We adopt the same C3 backbone as YOLOv5-L-P6. We refer the reader to YOLOX[6] for the details of the overall model structure.

4 Inference Optimization

To speedup the inference process for deployment, we adopt the TensorRT to generate the final model. Specifically, we convert the plain model trained with aforementioned strategy with Torch2TRT [9]. We fuse the image pre-processing operation and the prediction post-processing operation (NMS) into model forward function, which enables the whole inference process can be finished with a single function interface.

Given the all-in-one inference interface, We simply the inference logic by modifying the provided toolkit, and submit the generated predictions on validation set and test set to evaluation server .

5 Experiments and Analysis

5.1 Training Configuration

We implement the proposed YOLO X model with PyTorch [4], and training the model on our internal deep learning computation platform.
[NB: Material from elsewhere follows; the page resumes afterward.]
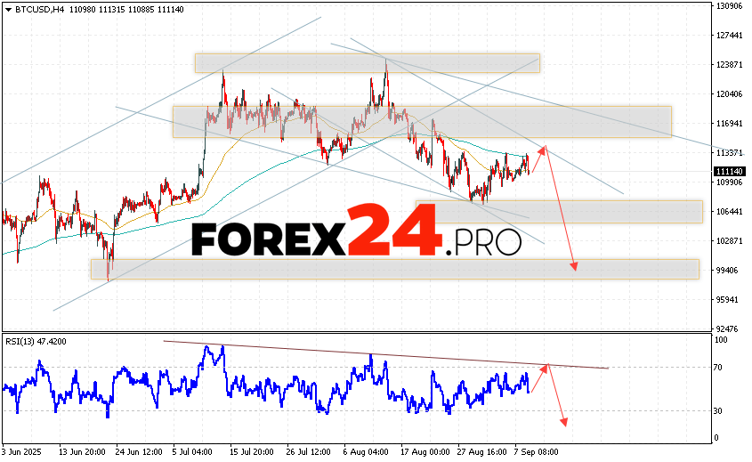 Bitcoin Forecast and BTC/USD Analysis for September 10, 2025 suggests an attempt to test the resistance level near the 113665 area. And then, the continuation of the fall of the cryptocurrency with a potential target at 99405. An additional signal in favor of a decrease in the Bitcoin rate will be a test of the resistance line on the relative strength indicator. The cancellation of the digital currency’s fall option will be a breakout of the 120505 area. This will indicate continued growth of the coin with a potential target above the 130665 mark.
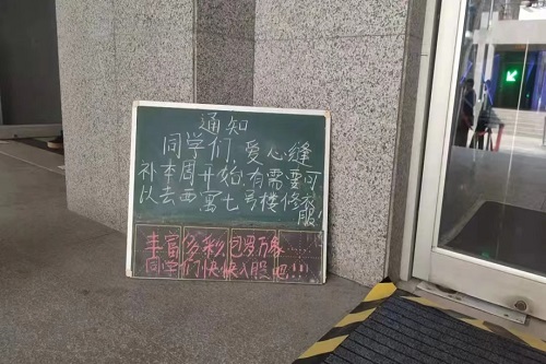 西寓七号楼的爱心缝补小铺里,值班阿姨韩瑞娟熟练的扣下锁头,踩动踏板,缝纫机在裤边留下一串整齐细密的线条。“同学,这是你的衣服。”她将刚缝补好的衣服叠整齐后,递给了来取衣服的学生。特殊形式下,我校特地开展免费缝补和自行车维修活动来帮助学生解决生活中遇到的困难。为了防止学生取错衣服,韩瑞娟贴心的在衣服上夹上小牌子。“大家来这里上学,离家都挺远的,父母也不在身边,我们也是尽自己的能力,能帮到一点是一点”,韩阿姨亲切地说。

The overall learning consists of two stages: pre-training stage and multi-dataset fine-tuning stage.

Pre-training Stage.

We learn the YOLOX model by leveraging COCO 2017 dataset [8], which containes 135K images for traning and 5K images for valiation. We use the SGD with the momentum of 0.9. We use the cosine learning rate scheduler of 300 epochs with 5 epoch warmup. When pre-train COCO, we use 16 V100 GPUs (8 images/GPU). Therefor 128 images are utilized per mini-batch.

Multi-dataset Fine-tuning Stage.

Due to the limited data provided in Argoverse-HD [7] train set, we utilize several additional datasets to enhance the model capacity.

Specifically, though there are 39384 images in train set, which mainly comes from only 65 video sequences. In other word, most of the images share the similar scene content, which makes the model easy to over-fitting. To tackle this issue and improve detector, we introduce BDD100K [11], Cityscapes [3] and nuScenes [2] for training, which are all collected from the autonoumous driving scenario and have the similar scene content/categories with Argoverse-HD. We report the detailed statistics of the extra dataset in Tab-1.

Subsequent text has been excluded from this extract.